Recorded data
________________________________________

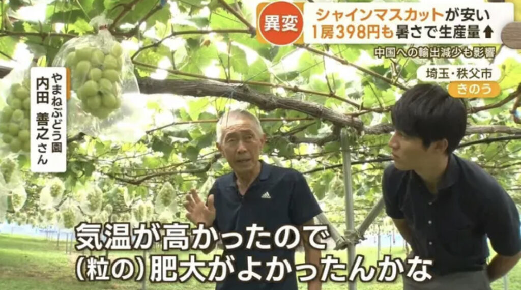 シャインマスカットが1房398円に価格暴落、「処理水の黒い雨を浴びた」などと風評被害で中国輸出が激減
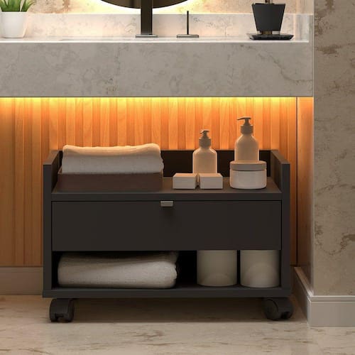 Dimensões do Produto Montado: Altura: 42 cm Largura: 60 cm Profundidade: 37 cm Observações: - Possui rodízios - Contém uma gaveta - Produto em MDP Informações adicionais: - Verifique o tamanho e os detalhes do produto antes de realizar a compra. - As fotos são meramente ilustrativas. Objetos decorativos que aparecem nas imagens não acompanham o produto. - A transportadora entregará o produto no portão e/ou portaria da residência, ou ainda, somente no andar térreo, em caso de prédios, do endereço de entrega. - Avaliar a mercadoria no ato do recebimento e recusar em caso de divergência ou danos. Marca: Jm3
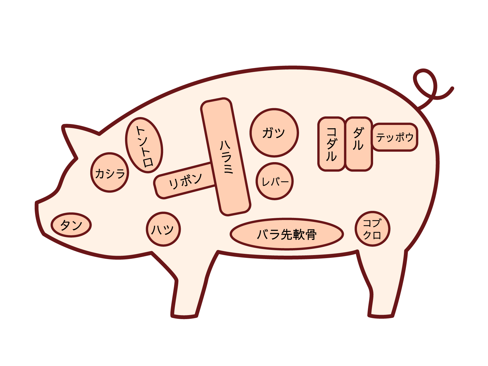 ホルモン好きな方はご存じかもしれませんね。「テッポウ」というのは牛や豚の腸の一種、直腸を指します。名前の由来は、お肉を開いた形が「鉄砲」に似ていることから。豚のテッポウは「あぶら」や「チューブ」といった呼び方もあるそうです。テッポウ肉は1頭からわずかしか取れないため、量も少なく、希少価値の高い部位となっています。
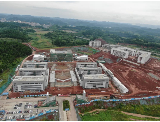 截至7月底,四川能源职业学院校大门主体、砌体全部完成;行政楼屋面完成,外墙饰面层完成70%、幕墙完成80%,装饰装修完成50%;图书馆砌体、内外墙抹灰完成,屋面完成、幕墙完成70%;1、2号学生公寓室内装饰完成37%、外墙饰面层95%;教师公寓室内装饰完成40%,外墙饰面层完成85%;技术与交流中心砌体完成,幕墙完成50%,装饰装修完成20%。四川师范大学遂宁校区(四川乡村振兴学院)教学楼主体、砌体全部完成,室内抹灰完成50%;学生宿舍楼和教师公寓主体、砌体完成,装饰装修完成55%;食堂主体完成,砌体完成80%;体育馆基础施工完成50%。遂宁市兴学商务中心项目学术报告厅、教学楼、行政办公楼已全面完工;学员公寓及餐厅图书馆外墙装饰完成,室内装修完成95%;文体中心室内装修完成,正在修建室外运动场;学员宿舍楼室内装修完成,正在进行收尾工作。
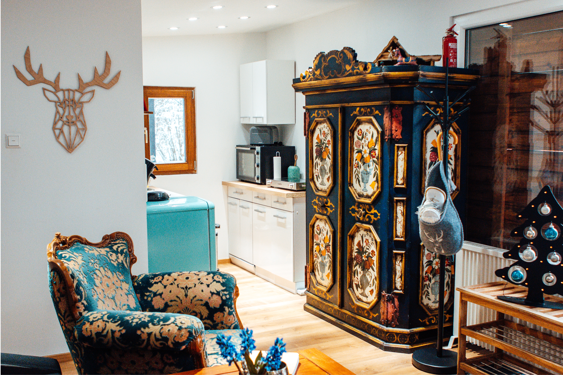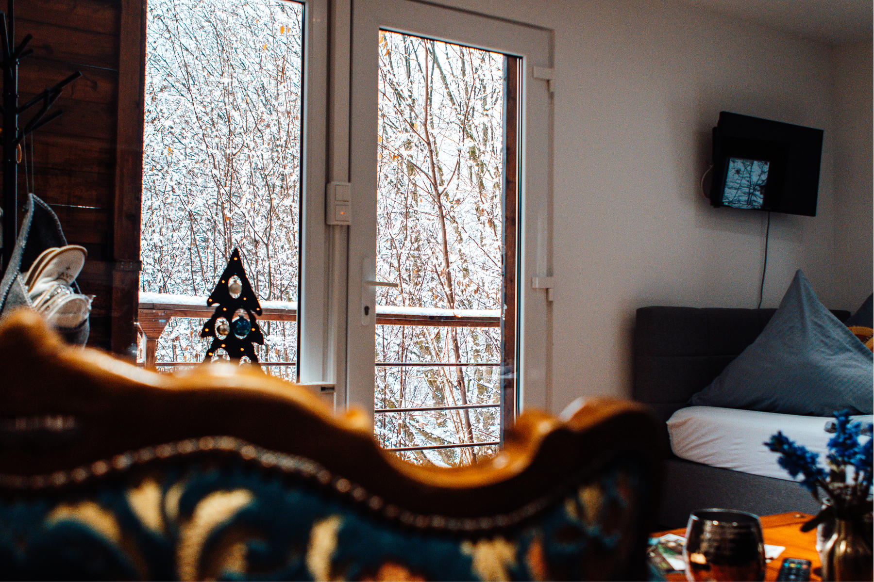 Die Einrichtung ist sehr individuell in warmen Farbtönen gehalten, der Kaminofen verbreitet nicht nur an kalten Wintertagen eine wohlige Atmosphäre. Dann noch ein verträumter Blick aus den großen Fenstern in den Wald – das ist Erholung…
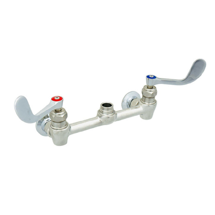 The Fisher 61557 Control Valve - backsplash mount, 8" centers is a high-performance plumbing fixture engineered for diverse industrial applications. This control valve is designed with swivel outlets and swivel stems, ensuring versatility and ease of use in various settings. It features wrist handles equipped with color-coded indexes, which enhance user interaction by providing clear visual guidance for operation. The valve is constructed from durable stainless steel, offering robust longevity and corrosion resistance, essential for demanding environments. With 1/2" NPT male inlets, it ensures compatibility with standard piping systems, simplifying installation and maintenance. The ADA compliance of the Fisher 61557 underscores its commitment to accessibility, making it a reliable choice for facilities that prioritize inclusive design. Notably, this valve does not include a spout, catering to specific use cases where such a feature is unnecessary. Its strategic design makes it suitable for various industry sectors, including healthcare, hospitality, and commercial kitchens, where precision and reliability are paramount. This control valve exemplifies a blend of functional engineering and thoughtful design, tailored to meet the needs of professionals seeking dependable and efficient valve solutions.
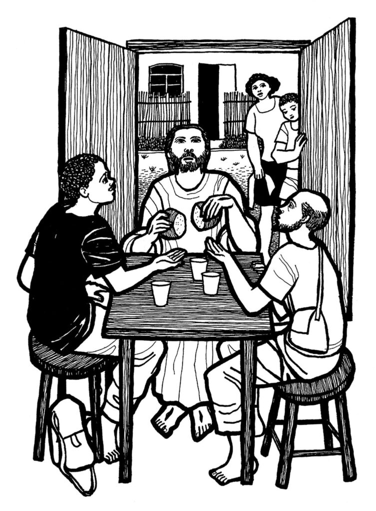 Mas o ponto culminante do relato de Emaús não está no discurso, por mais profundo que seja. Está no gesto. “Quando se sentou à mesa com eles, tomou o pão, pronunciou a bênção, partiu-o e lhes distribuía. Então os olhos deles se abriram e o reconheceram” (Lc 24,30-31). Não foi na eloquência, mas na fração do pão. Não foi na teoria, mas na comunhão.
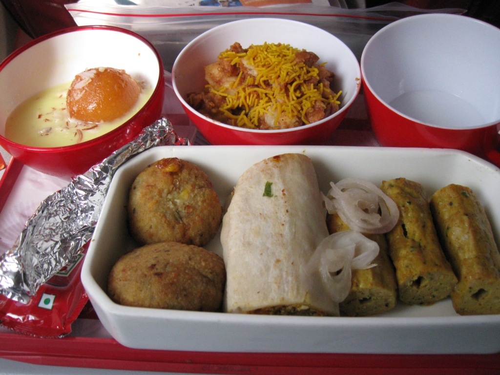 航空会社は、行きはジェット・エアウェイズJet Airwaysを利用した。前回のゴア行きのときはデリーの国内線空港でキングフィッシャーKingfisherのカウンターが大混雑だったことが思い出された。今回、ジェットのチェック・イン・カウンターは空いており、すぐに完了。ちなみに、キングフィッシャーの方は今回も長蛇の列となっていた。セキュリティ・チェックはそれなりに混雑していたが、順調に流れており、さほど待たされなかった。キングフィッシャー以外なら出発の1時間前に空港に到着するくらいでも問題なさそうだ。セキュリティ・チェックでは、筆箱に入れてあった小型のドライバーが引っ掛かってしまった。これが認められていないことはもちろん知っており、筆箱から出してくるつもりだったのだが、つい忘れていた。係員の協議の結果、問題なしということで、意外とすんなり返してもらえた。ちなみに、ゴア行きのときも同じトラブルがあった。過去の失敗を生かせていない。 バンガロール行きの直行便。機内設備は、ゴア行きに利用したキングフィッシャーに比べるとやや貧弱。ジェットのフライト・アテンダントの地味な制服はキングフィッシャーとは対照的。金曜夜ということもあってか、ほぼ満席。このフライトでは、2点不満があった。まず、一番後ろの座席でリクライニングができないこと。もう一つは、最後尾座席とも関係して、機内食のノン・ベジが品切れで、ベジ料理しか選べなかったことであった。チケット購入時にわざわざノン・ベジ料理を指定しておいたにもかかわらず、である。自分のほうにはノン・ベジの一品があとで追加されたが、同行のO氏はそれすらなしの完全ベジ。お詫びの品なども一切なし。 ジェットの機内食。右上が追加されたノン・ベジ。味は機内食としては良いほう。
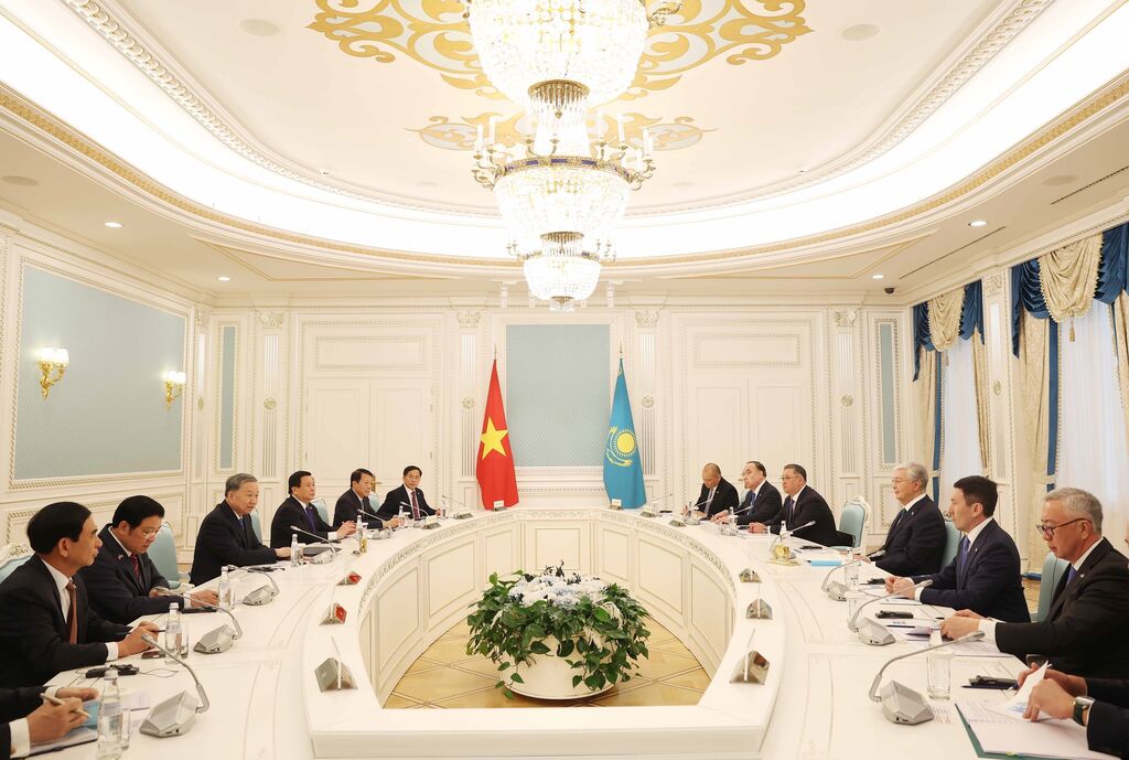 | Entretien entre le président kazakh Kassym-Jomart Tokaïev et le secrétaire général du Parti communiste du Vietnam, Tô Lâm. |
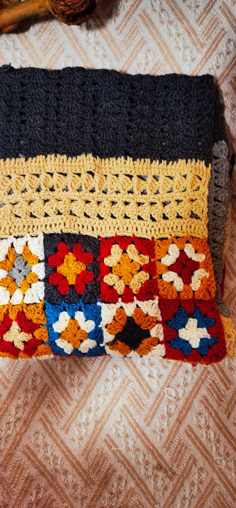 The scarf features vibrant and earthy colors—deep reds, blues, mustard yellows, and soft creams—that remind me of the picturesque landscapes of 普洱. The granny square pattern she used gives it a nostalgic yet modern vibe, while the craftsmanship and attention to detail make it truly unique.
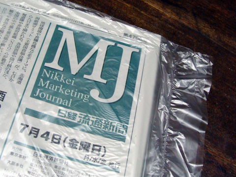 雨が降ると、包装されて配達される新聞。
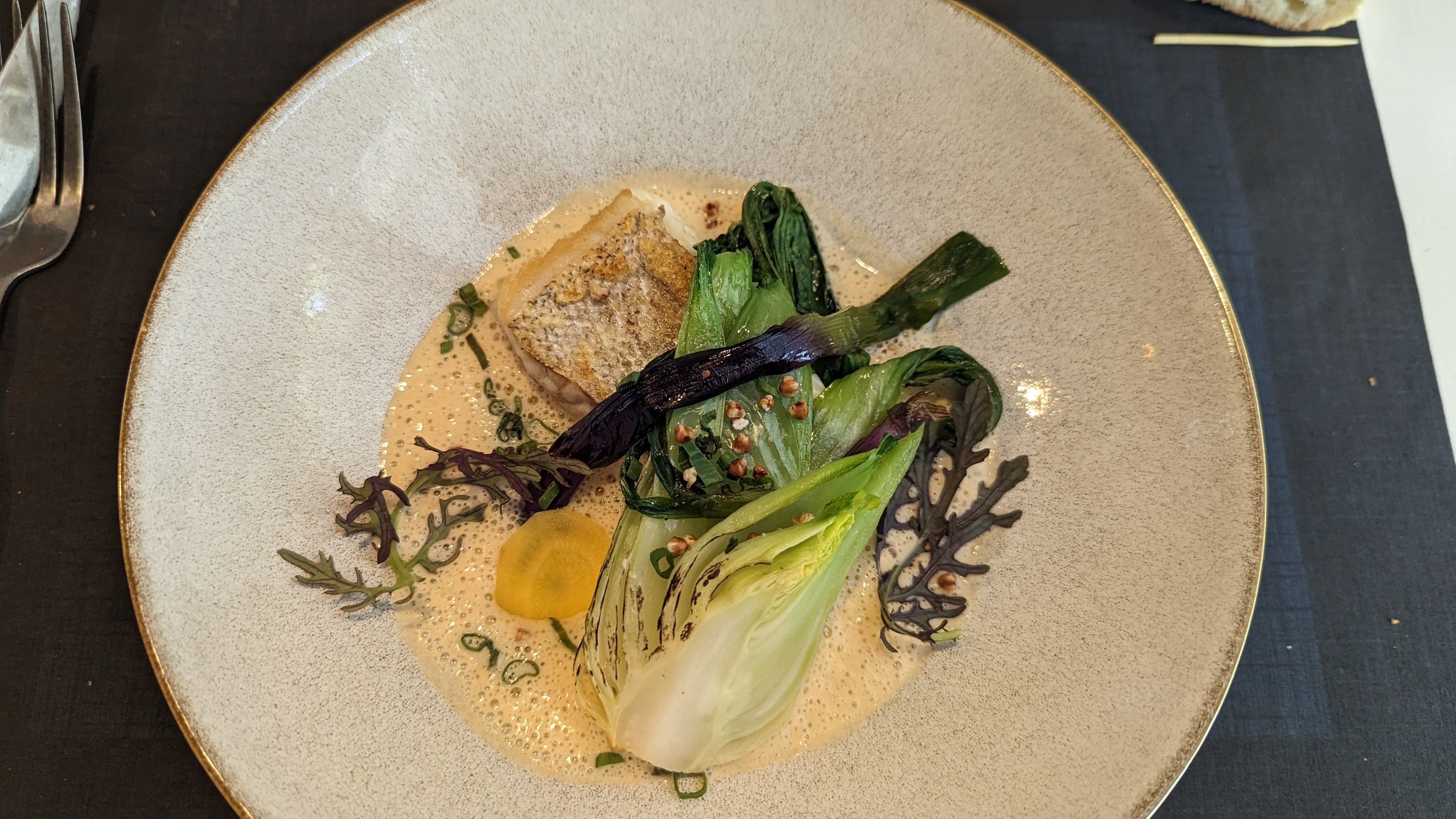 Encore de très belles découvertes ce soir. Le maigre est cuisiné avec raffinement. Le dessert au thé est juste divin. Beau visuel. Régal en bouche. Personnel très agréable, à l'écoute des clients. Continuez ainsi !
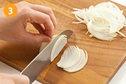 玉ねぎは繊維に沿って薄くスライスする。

________________________________________

_EXERCISE DIRECTIONS_: Copy word for word the lines above, starting at the line containing "The scarf features" and ending at the line containing "雨が降ると、包装されて配達される新聞。", inclusive, with no pictures.

_RESPONSE BELOW_:
 The scarf features vibrant and earthy colors—deep reds, blues, mustard yellows, and soft creams—that remind me of the picturesque landscapes of 普洱. The granny square pattern she used gives it a nostalgic yet modern vibe, while the craftsmanship and attention to detail make it truly unique.
 雨が降ると、包装されて配達される新聞。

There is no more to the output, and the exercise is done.